» What needs to be done: For the entries below, copy exactly the line that contains "资金流向方面,深港通材料(9" through the line that contains "Умивальник DELLA 1900", both ends included, and exclude all pictures.

» Information provided:

--------

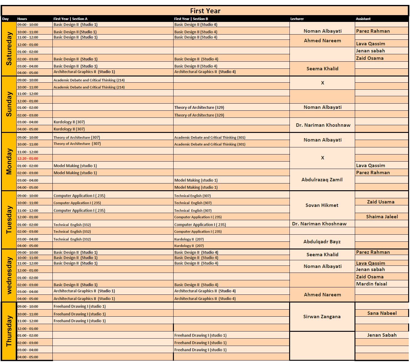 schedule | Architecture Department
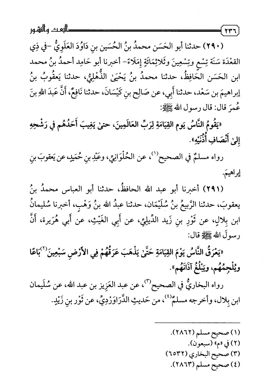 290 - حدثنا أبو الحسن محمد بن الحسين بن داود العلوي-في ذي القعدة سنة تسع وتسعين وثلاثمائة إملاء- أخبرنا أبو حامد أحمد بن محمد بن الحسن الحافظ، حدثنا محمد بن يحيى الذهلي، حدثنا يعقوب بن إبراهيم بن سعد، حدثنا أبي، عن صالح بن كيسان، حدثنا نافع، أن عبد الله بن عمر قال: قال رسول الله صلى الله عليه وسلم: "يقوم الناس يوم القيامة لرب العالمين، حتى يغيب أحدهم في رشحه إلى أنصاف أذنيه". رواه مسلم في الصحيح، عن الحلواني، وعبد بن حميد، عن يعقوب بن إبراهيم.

--------

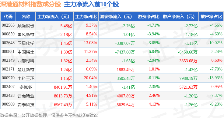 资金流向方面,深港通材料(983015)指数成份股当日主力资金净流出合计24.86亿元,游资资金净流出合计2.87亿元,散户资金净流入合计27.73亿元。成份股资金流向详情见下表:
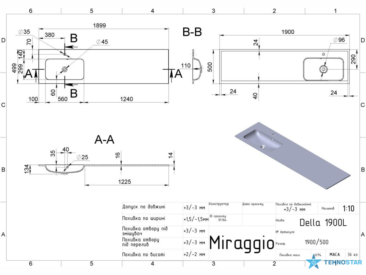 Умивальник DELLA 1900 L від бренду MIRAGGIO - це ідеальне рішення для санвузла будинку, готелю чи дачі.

--------

» Written reply:
 资金流向方面,深港通材料(983015)指数成份股当日主力资金净流出合计24.86亿元,游资资金净流出合计2.87亿元,散户资金净流入合计27.73亿元。成份股资金流向详情见下表:
 Умивальник DELLA 1900 L від бренду MIRAGGIO - це ідеальне рішення для санвузла будинку, готелю чи дачі.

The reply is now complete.